▶ Directions for this task
Find the line containing "Lustra LED RFAN, Model" in the records below. Copy exactly that line and each one after it, ending at the line containing "Häkel doch mal", and nothing more.

▶ Exercise data
● ● ●

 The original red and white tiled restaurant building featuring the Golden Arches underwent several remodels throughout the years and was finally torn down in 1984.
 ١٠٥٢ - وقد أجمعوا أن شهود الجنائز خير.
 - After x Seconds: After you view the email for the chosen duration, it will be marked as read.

● ● ●

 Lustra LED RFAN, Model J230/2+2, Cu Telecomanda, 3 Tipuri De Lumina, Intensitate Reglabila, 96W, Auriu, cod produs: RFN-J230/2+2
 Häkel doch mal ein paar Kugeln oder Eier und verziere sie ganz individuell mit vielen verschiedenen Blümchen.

● ● ●

▶ The completed task
 Lustra LED RFAN, Model J230/2+2, Cu Telecomanda, 3 Tipuri De Lumina, Intensitate Reglabila, 96W, Auriu, cod produs: RFN-J230/2+2
 Häkel doch mal ein paar Kugeln oder Eier und verziere sie ganz individuell mit vielen verschiedenen Blümchen.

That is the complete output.